These statements seem at odds with eachother...


----------



## PtownPhil (Nov 23, 2021)

Jovidah said:


> These statements seem at odds with eachother...


Well read between the lines then, he was the one who called me names and accused me of stuff, I haven't said one thing bad about him- the person.


----------



## Jovidah (Nov 23, 2021)

Your first statement already sounded rude and insulting. That may not have been how you intended it, but that's how it came across when typed out on the internet.


----------



## PtownPhil (Nov 23, 2021)

Jovidah said:


> Your first statement already sounded rude and insulting. That may not have been how you intended it, but that's how it came across when typed out on the internet.


That was about the review not the person.


----------



## spaceconvoy (Nov 23, 2021)

it keeps getting better

brb, consulting my shinto priest over whether I should respect the wabi sabi of microchipped edges or if sharpening a knife insults the blacksmith's honor


----------



## PtownPhil (Nov 23, 2021)

Look your all right. I'm preaching to a bunch of people who modify their knives. Sorry for the distraction today. I just try to learn what my teachers are teaching me.


----------



## btbyrd (Nov 23, 2021)

Do any of them teach sharpening?


----------



## PtownPhil (Nov 23, 2021)

btbyrd said:


> Do any of them teach sharpening?


People that tell me, leave, don't argue. Bye.


----------



## tostadas (Nov 23, 2021)

Thanks @ModRQC for taking the time to provide nice photos and your opinions on this knife. I have no other opinion to offer here, so to everyone reading this... Haha, just wasted 10secs of your life.


----------



## Barmoley (Nov 23, 2021)

PtownPhil said:


> Look, I now realize we come from 2 different mindset. I talk to Japanese people about what they look for in a knife.

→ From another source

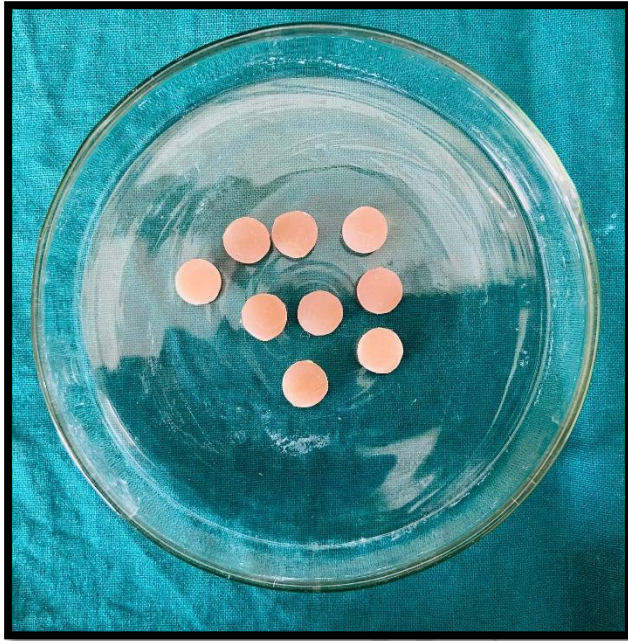
Figure 1- acrylic discs

as a separating medium in the mold. The powder and liquid of the heat cure denture base resins were manipulated as recommended by manufacturer and was packed within the mold with cellophane sheets interposed between the inner and outer mold covering plates. After the trial closure, the excess material and the cellophane sheets will be removed and the mold was then placed in an acrylizer with a temperature of 70°C up to 1 hour, and subsequently raised to 90°C for 2 hours for polymerization of denture base material. After the final curing specimens with obvious porosities were discarded.

Are you saying that because I happen not to be Japanese that I can't determine what the knife is good for or that I can't tell that hardness has nothing to do with the cutting technique the knife excels at?


----------



## PtownPhil (Nov 23, 2021)

What I'm saying is I walked myself in on a 5 senior member and 2 accessory fight over what someone else wrote. Great Poem, you happy?


----------



## TSF415 (Nov 23, 2021)

I have a 240 hap40 Sukenari k-tip. Its an amazing all-rounder that is my main work knife now. It would not be in my top ten knives I would grab to "push cut" but I'm sure everyones definition of what push cutting is different.


----------



## spaceconvoy (Nov 23, 2021)

tostadas said:


> to everyone reading this... Haha, just wasted 10secs of your life.

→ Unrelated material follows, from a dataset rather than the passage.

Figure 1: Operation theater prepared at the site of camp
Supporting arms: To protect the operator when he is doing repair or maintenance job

Now you're making feel slightly bad for piling on with the jokes (but only slightly). Here's my attempt at repentance with something on topic:

I've given up trying to find the perfect do-everything gyuto, and instead have been collecting knives that each fit a certain niche. I keep my Sukenari around because it's excellent at shredding cabbage and kale, and slicing in general. Yes, the tip is thick, but its stiffness and tip-heaviness is an advantage when dealing with a big pile of soft ingredients. It's also perfect for big loaves of bread.


----------



## btbyrd (Nov 23, 2021)

I keep mine around because it's possibly the most beautiful thing I own. But back to the original post and review.

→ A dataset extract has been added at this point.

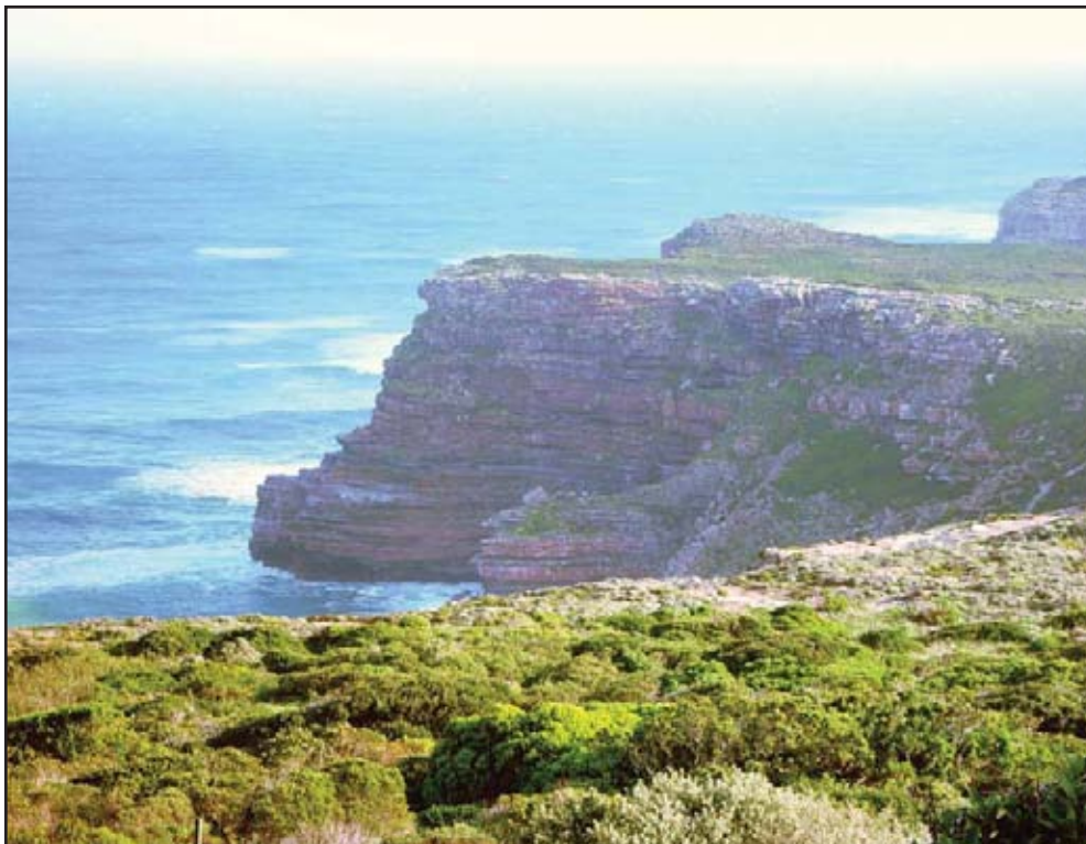
Cape Of Good Hope, South Africa

Like the OP, I was surprised to see that the spine and choil on his hairline AS were so square. I thought everything was rounded -- my damascus ones are lovingly rounded on both spine and choil... the best rounding on any of my knvies. But I was happy to hear the OP's first-hand experience of the heat treatment on the steel. I once had it in my mind to track down the legendarily super-hard damascus AS version just to see what all the fuss was about, but I eventually came to think that if I was going to buy another Sukenari just for super-hard steel, it'd be the HAP40. I quite enjoyed hearing the OP's thoughts and seeing all those photos.


----------



## Barmoley (Nov 23, 2021)

PtownPhil said:


> What I'm saying is I walked myself in on a 5 senior member and 2 accessory fight over what someone else wrote. Great Poem, you happy?


The fight is not over what someone else said. It is about what you said. You've made statements that are incorrect and made no sense. You've insulted someone else's review without providing any valid counter points. Everyone is welcomed here, this is a very nice and helpful place most of the time, but when you come with an attitude and very strong, incorrect opinions you need to be able to back them up. When you pretend to be an expert you are expected to know some basic things and you haven't so far shown to know them. You might very well know what you are talking about and know more than the rest of us, but so far it hasn't been displayed in what you've said.


----------



## Jville (Nov 23, 2021)

PtownPhil said:


> Look, I now realize we come from 2 different mindset. I talk to Japanese people about what they look for in a knife.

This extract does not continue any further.